Page 1 of 1

service fails but succeed if retried manually

Posted: Tue Apr 04, 2017 6:55 am
by dann
Hi

i have a weird issue with nagios XI, like a false positive.
i wrote a small check with NRPE that verify the accessibility of a mountpoint.
i had to write a script because the mountpoints i'm checking are autofs managed, and not always mounted, and the nagios mountpoint wizard fails to monitor them correctly(even with the write test), it always fails.
only problem is, it works most of the time, but i always have around 50-70 checks that fails (and succeed if i retry manually or next time nagios checks them again)
this is creating A LOT of mails notification, making notifications useless.

what do i do wrong ? the nagios server is pretty strong (2 E5450 3GHz, 16GB ram, raid1 SAS enterprise disks) and i tried to change some of the values in nagios.cfg that i found on this forum, nothing seems to change, the event queue is like stuck at 200 (the small dashlet graph)
i also verified that my ntp server is accurate.

any help would be appreciated.

thanks

Re: service fails but succeed if retried manually

Posted: Tue Apr 04, 2017 1:00 pm
by mcapra
Can you send us (via PM or post attachment) a system profile? From the Nagios XI GUI, you can gather a profile via Admin -> System Profile -> Download Profile.

Can you also tell us which host/service is producing these issues?

Re: service fails but succeed if retried manually

Posted: Wed Apr 05, 2017 1:14 am
by dann
Hi

in attachment the profile.

all hosts are producing this, randomly, and it only concerns the autofs mountpoints that i'm checking with a script.

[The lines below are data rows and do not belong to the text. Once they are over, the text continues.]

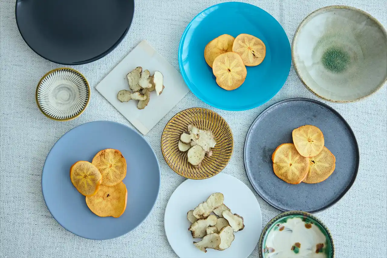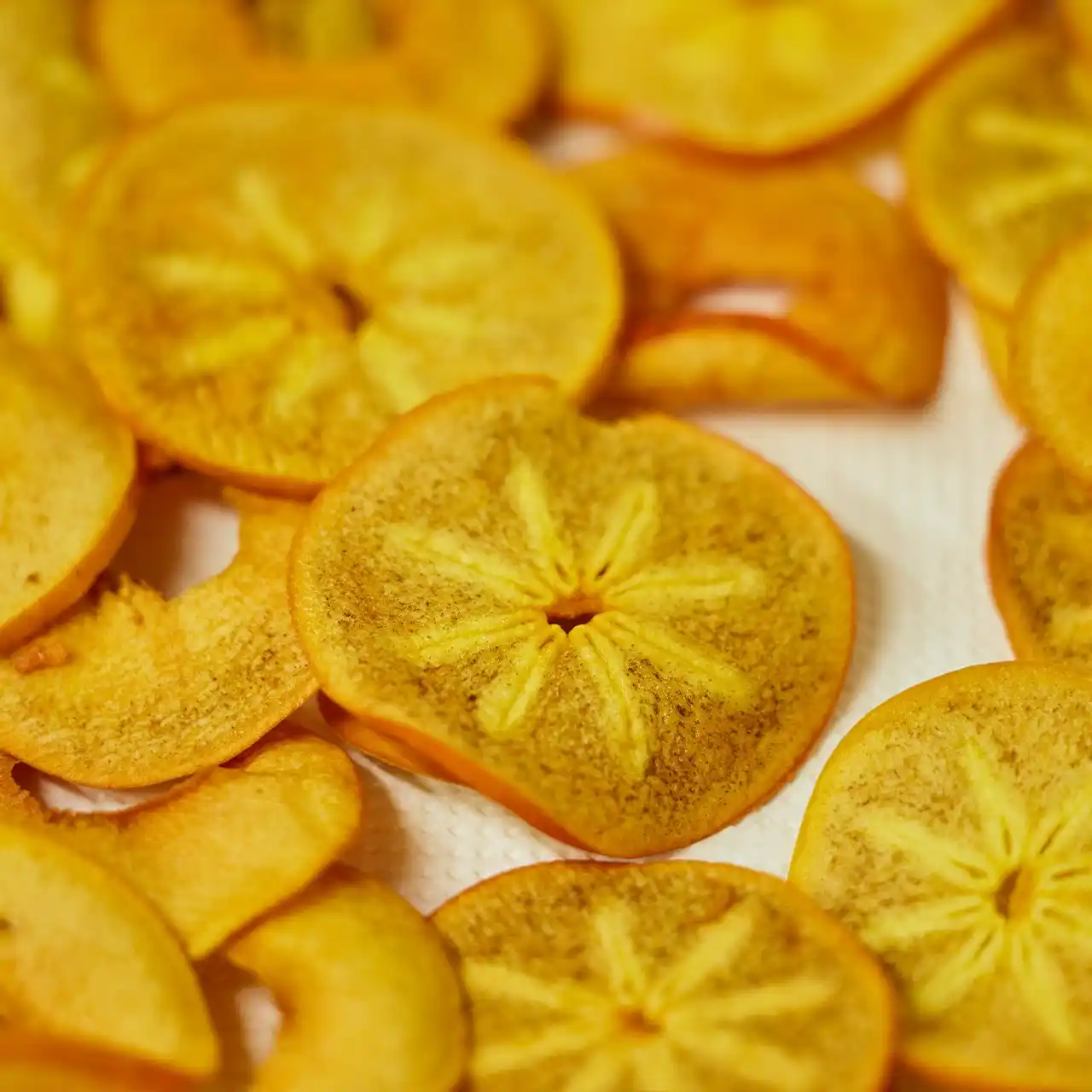 やまと果らり「富有柿チップス」は、柿本来の鮮やかな色味とお花のような可愛い模様が特徴的 |
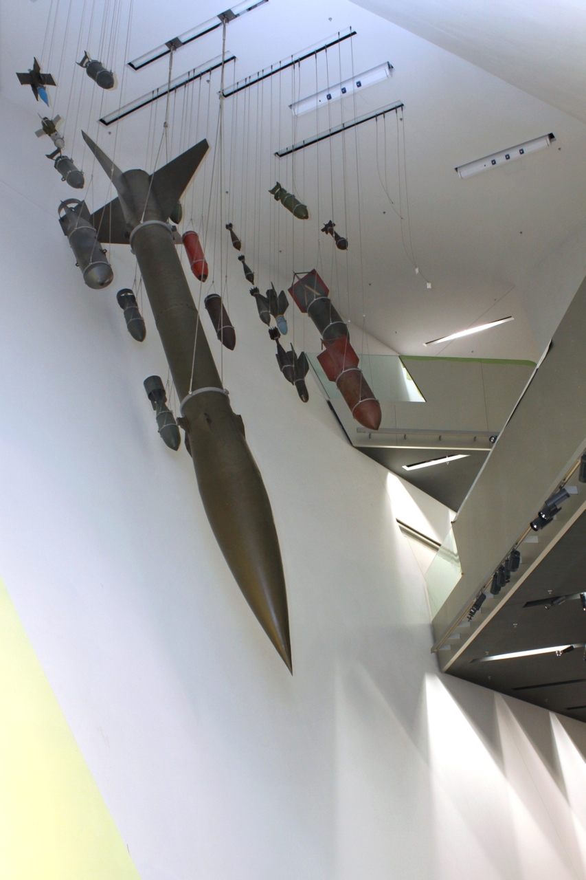 Man könnte sagen: Der Blitz hat in das Militärmuseum eingeschlagen, der V-förmige Neubau weist in die Innenstadt, wo 1945 alliierte Bomber ihr Zerstörungswerk anrichteten.
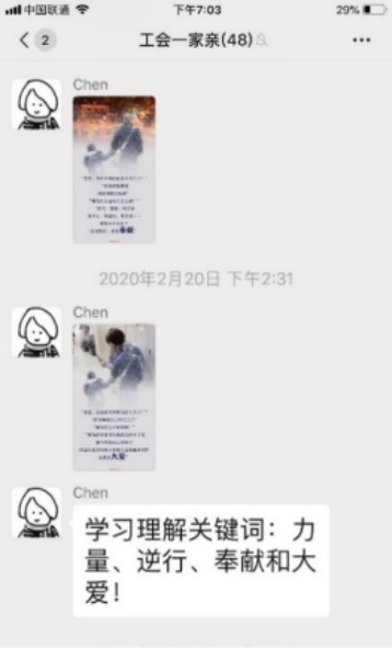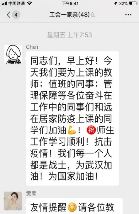 陈京立书记、李峥院长在学院工会微信群抗疫宣传
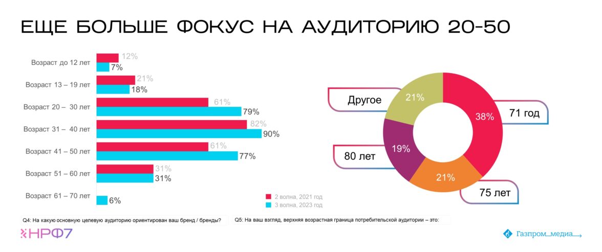 Если говорить о целевой аудитории, большинство брендов продолжают ориентироваться в своих рекламных кампаниях на сегмент в возрасте 20–50 лет. При этом верхняя возрастная граница потребительской аудитории расширилась до 71 года. Для сравнения, в 2021 году большинство респондентов отмечали границу в 65+ лет.
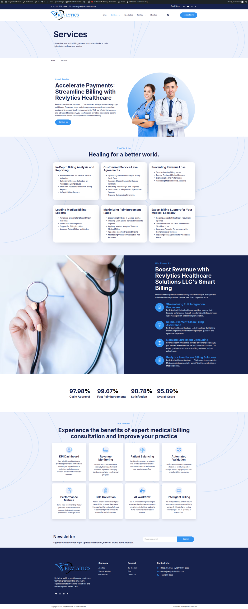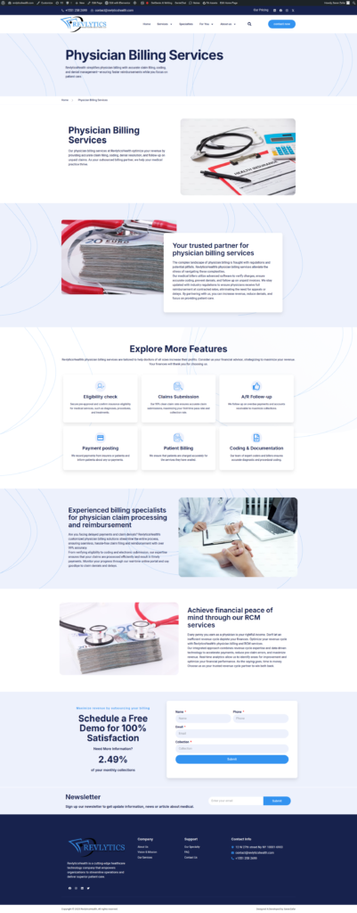Revlytics Health required a modern, professional website to clearly communicate its healthcare analytics solutions and establish a strong digital presence. The goal was to deliver a clean, trustworthy, and responsive platform that aligns with healthcare industry standards while remaining easy to navigate for diverse audiences.
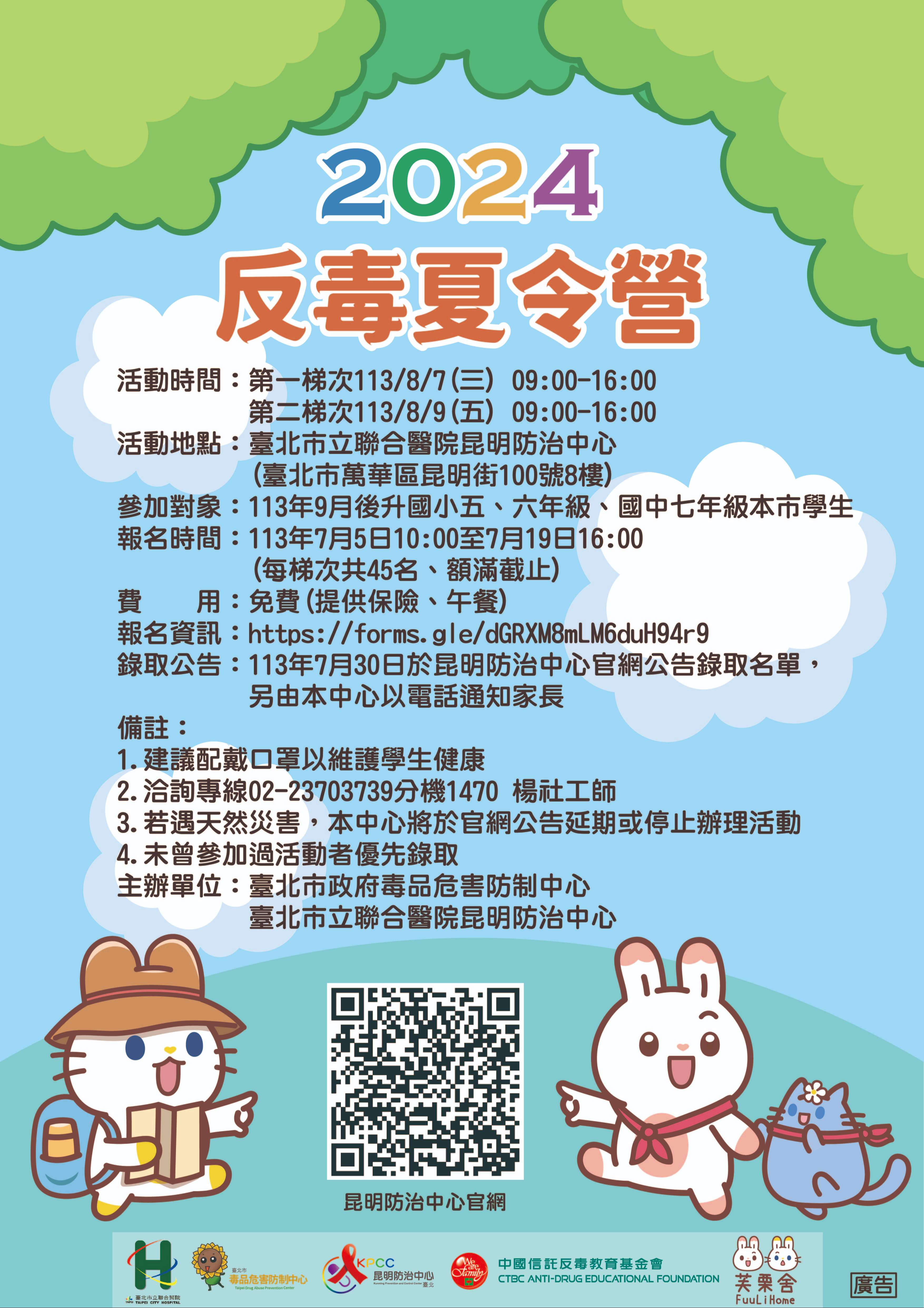 八、檢附營隊宣傳海報一份,請協助公告宣傳,報名資訊可至 昆明防治中心官網查詢。
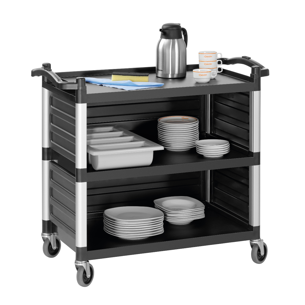 Καρότσι σερβιρίσματος 3 επιπέδων (785x485mm) ,TSA300V Bartscher Γερμανίας. Χάρη στην επένδυσή και από τις τρεις πλευρές, το ελαφρύ και αθόρυβο καρότσι κρατάει κρυφά τα είδη που μεταφέρονται, όπως για παράδειγμα τα βρώμικα πιάτα. Το καρότσι σερβιρίσματος με 3 ράφια μπορεί να χρησιμοποιηθεί με ποικίλους τρόπους, όπως για σερβίρισμα, τακτοποίηση και μεταφορά.
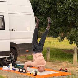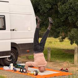 Nach dem Aufstehen gabs noch eine Runde Yoga im Gras neben unserem Van, während rund um uns in aller Ruhe die Kängurus ihr Grasfrühstück knabberten.
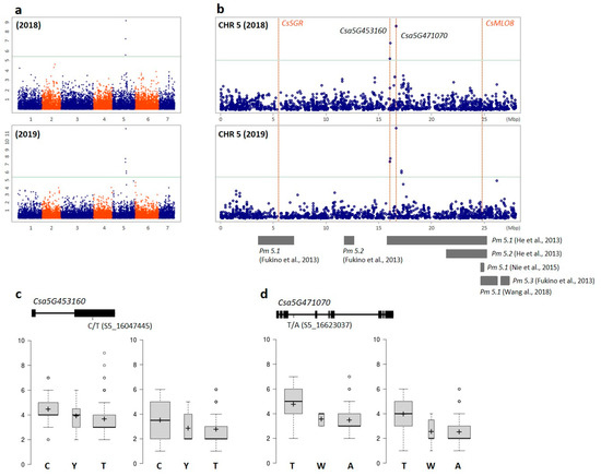 Significant SNPs and candidate genes correlating cucumber PM resistance from GWAS. The green horizontal line in the Manhattan plots indicate the significant threshold based on the Bonferroni correction. The position of the candidate genes and the reported genes are indicated by red dotted lines with the names. Under the chromosome-wide Manhattan plot, reported QTLs are represented by gray boxes. (a) Genome-wide association under 2018 and 2019 experimental year, respectively; (b) distribution of the significant SNPs and candidate genes on chromosome 5 with the reported genes and QTLs; (c,d) gene structure of candidate genes to PM with DNA polymorphism. Below the gene structure, boxplots show PM resistance index by years based on allelic differences of significant SNP; left from 2018, right from 2019; the width of each box is proportional to the square root of the number of accessions.
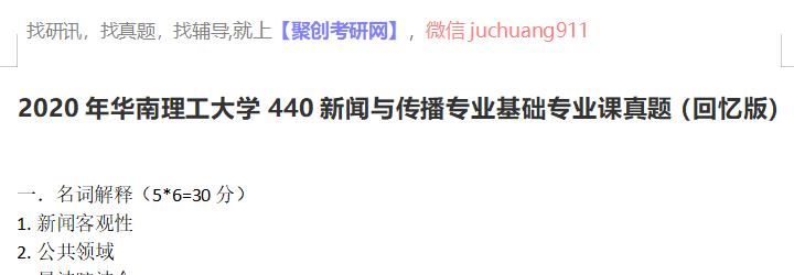 以上是聚创考研网为考生整理的"2020年华南理工大学440新闻与传播专业基础专业课考研真题(回忆版)"的相关考研信息,希望对大家考研备考有所帮助! 备考过程中如有疑问,也可以添加老师微信juchuang911进行咨询。
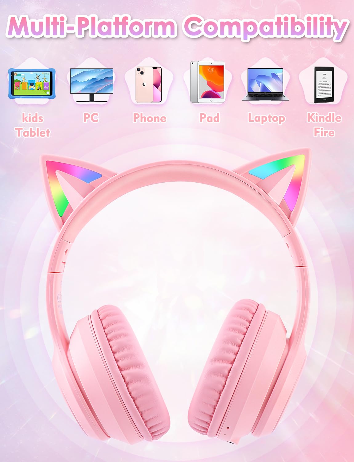 Bluetooth Kids Headphones with Microphone, Cat Ear LED Light Up and 85dB Volume Limited Toddlers Study Headphones, Wireless Foldable HI-FI sound Over-Ear School Headphones for iPhone/iPad/Laptop/PC
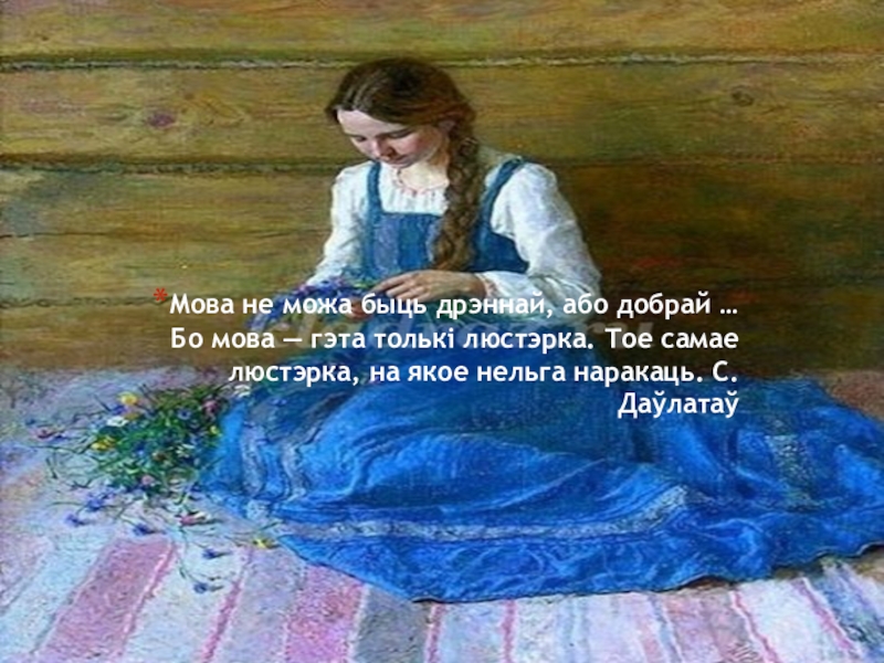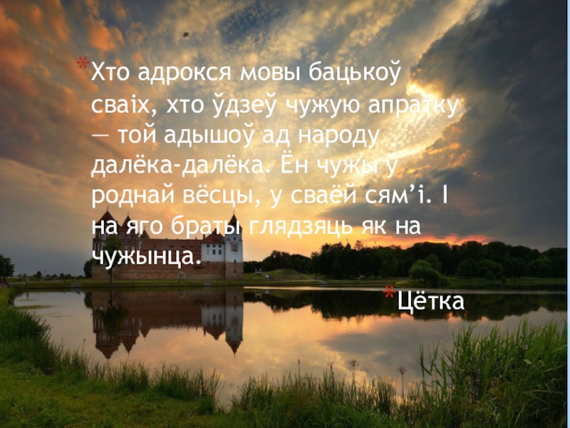 Слайд 16Хто адрокся мовы бацькоў сваіх, хто ўдзеў чужую апратку — той
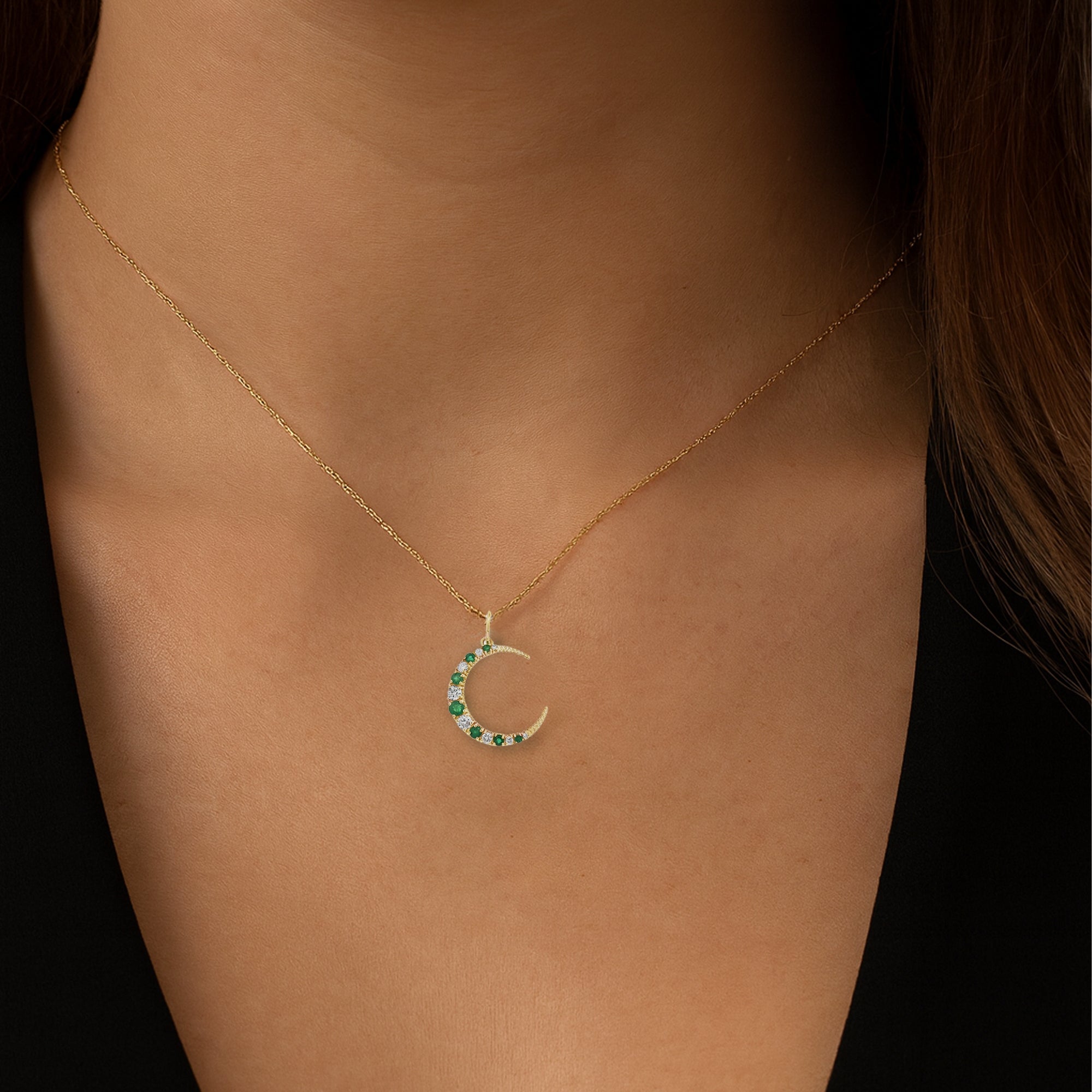0.30CT Emerald & Diamond Moon Charm
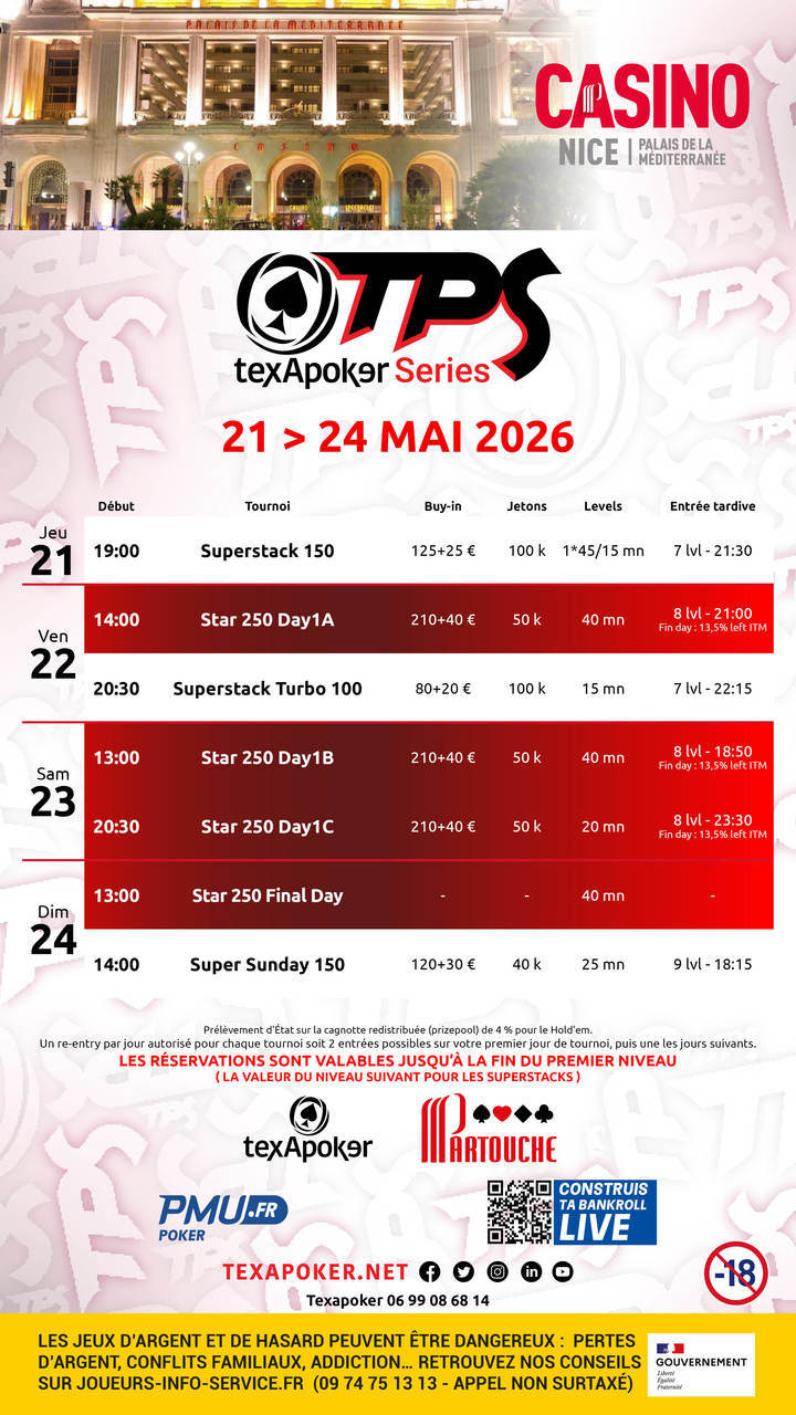 TPS is Texapoker's trademark! In partnership with PMU PLAY, tickets won on PMU PLAY can be used in all tournaments.

copying the script here, called check_mountpoints :

Code: Select all

#!/bin/bash

mount=${1}

fail=0

ls ${mount} >/dev/null &
childpid=$!
sleep 0.1
if [ -d "/proc/${childpid}" ]; then
	kill -9 $childpid > /dev/null 2>&1
	fail=1
fi


if [ $fail -eq 0 ]; then
	echo "OK - $mount accessible"
	exit 0
fi
if [ $fail -eq 1 ]; then
	echo "CRITICAL - $mount unreachable"
	exit 2
fi

Re: service fails but succeed if retried manually

Posted: Wed Apr 05, 2017 2:05 pm
by mcapra
Lets look at gridcluster31 as an example:

Code: Select all

[1491371254] SERVICE ALERT: gridcluster31;/homes/swlab;CRITICAL;SOFT;1;CRITICAL - /homes/swlab unreachable
[1491371320] SERVICE ALERT: gridcluster31;/mobileye/shared;CRITICAL;SOFT;1;CRITICAL - /mobileye/shared unreachable
[1491371388] SERVICE ALERT: gridcluster31;/mobileye/mbkrepository;CRITICAL;SOFT;2;CRITICAL - /mobileye/mbkrepository unreachable
[1491371610] SERVICE ALERT: gridcluster31;/homes/swlab;CRITICAL;SOFT;1;CRITICAL - /homes/swlab unreachable
In this case, Nagios XI is simply returning what the plugin produces. If the plugin is incorrectly reporting, there's not much that can be done from the Nagios XI end of things. You would need to alter the plugin.

Re: service fails but succeed if retried manually

Posted: Wed Apr 05, 2017 4:04 pm
by danns
yes but that's where it doesn't really make sense, when i run the plugin from the client it succeeds... and also in nagios if i manually force a recheck it succeeds... also if nagios retries by itself it usually succeeds to...

the plugin is quite simple, ls an autofs directory, and return 0 or 2...

Re: service fails but succeed if retried manually

Posted: Thu Apr 06, 2017 12:39 am
by dann
i solved my issue by changing my script like this :

Code: Select all

#!/bin/bash

mount=${1}

ls ${mount} > /dev/null 2>&1

if [ $? -eq 0 ]; then
	echo "OK - $mount accessible"
	exit 0
else
	echo "CRITICAL - $mount unreachable"
	exit 2
fi

i still think that there's an issue here with nagios but i worked around it.

also please note that nagios can't check autofs mountpoints, because it always find that the mountpoint is not mounted, and even the write test (from nrpe) doesn't help.

thanks, you can close this :)